А что, собственно, удивляться, ведь этот человек (иностранец, да к тому же, по собственному признанию, полудикий) говорил о своей жене с нежностью, как об истинной любви, загубленной какой-то жестокой и таинственной правдой. Его грохочущий голос срывался от наплыва чувств; он несколько раз промокнул лоб модным кружевным платочком, извлеченным из жилетного кармана. Жилет у него был меховой, леопардовый.

К тому же он недурен собой, подумала Сибил. За шестьдесят, почти старик, но такие даже лучше, они относятся к девушке с большим сочувствием. Его признания выглядели смело и мужественно, ведь это он сам вытащил наружу это давнее скандальное дело с разводом и с таинственным письмом миссис Хьюстон. Он говорил обо всем этом без остановки, но не выдавал тайны, все более разжигая интерес слушателей — Сибил и сама умирала от любопытства.

Ну вот, обругала она себя, развесила, дура, уши, а ведь дело-то все наверняка простое и глупое, и вполовину не столь глубокое и загадочное, как он изображает. И барышня эта вряд ли была таким уж ангелочком, вполне возможно, что девичья ее добродетель была уже похищена каким-нибудь смазливым теннессийским бабником задолго до появления Ворона Хьюстона. Мужчины придумали для своих невест строгие правила, сами вот только никогда им не следуют.

А может, Хьюстон сам во всем и виноват. Может, у него были какие-нибудь дикие представления о семейной жизни, после всех-то этих лет с дикарями. Или, может быть, он лупцевал супругу чем ни попадя — легко себе представить, каким буяном может быть этот человек, когда выпьет лишнего.
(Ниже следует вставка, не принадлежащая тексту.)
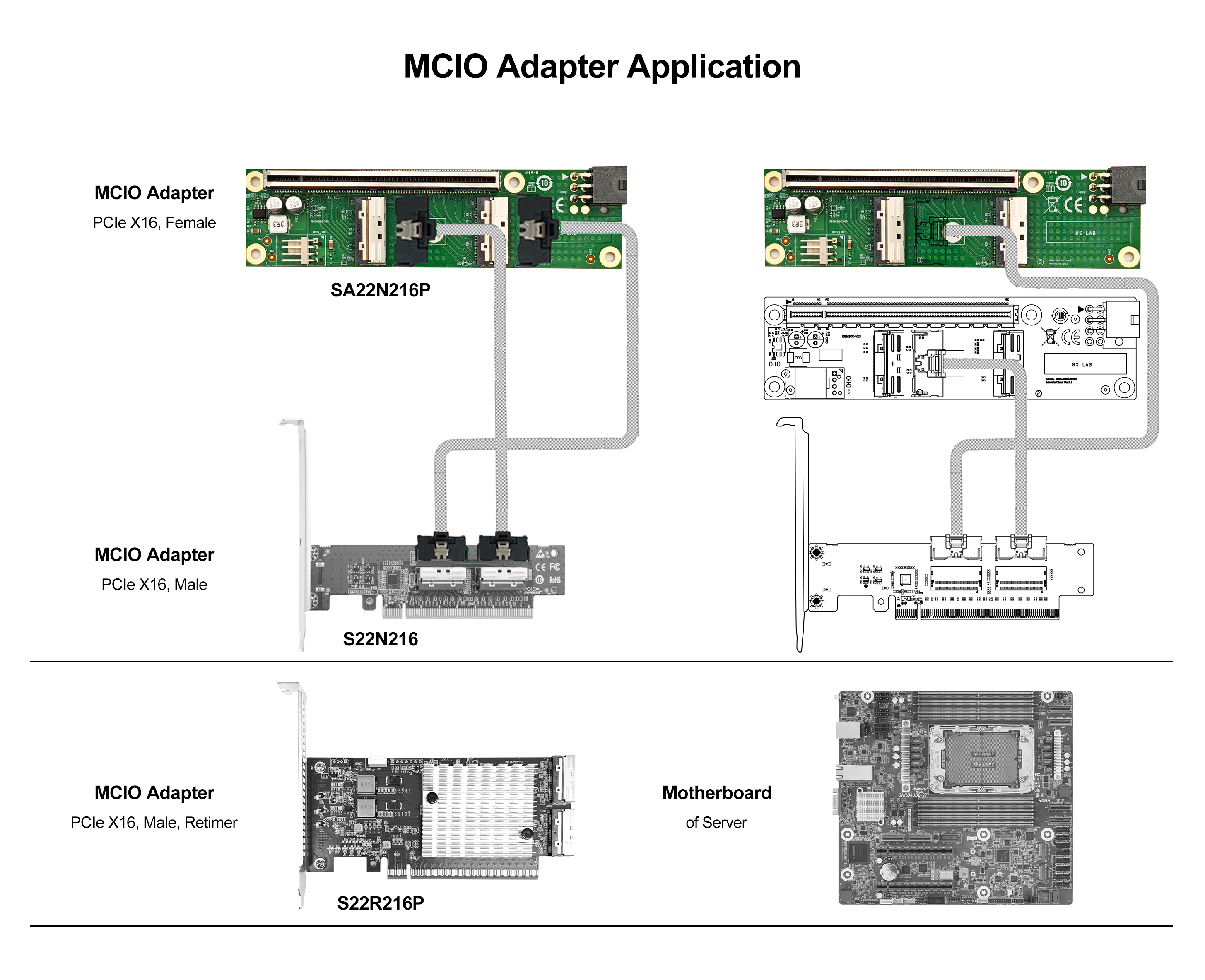 Dual MCIO to PCIe 5.0 Female Adapter, Requires Motherboard BIOS Support for Bifurcation

На экране появились гарпии, символизировавшие клеветников Хьюстона, тех, кто замарал его драгоценную честь чернилами бульварной, помоечной прессы, — отвратительные горбатые существа, черные и красные; экран тихо жужжал, и они перебирали раздвоенными копытами. Сибил в жизни не видела ничего подобного; напился, наверное, этот манчестерский спец до зеленых чертиков, вот и стал изображать такие ужасы. Теперь Хьюстон рассуждал о вызовах и чести, то бишь о дуэлях; американцы — отъявленные дуэлянты, они прямо-таки влюблены в свои ружья-пистолеты и способны угробить друг друга не за понюх табаку. Он убил бы пару-другую подлых газетчиков, громогласно настаивал Хьюстон, не будь он губернатором и не будь это ниже его достоинства. Так что он оставил борьбу и вернулся к своим драгоценным чероки. На бравого генерала было жутко смотреть, настолько распалил он себя собственным красноречием. Аудитория тихо веселилась, обычная британская сдержанность не устояла перед вылезающими из орбит глазами и налитыми кровью жилами техасца.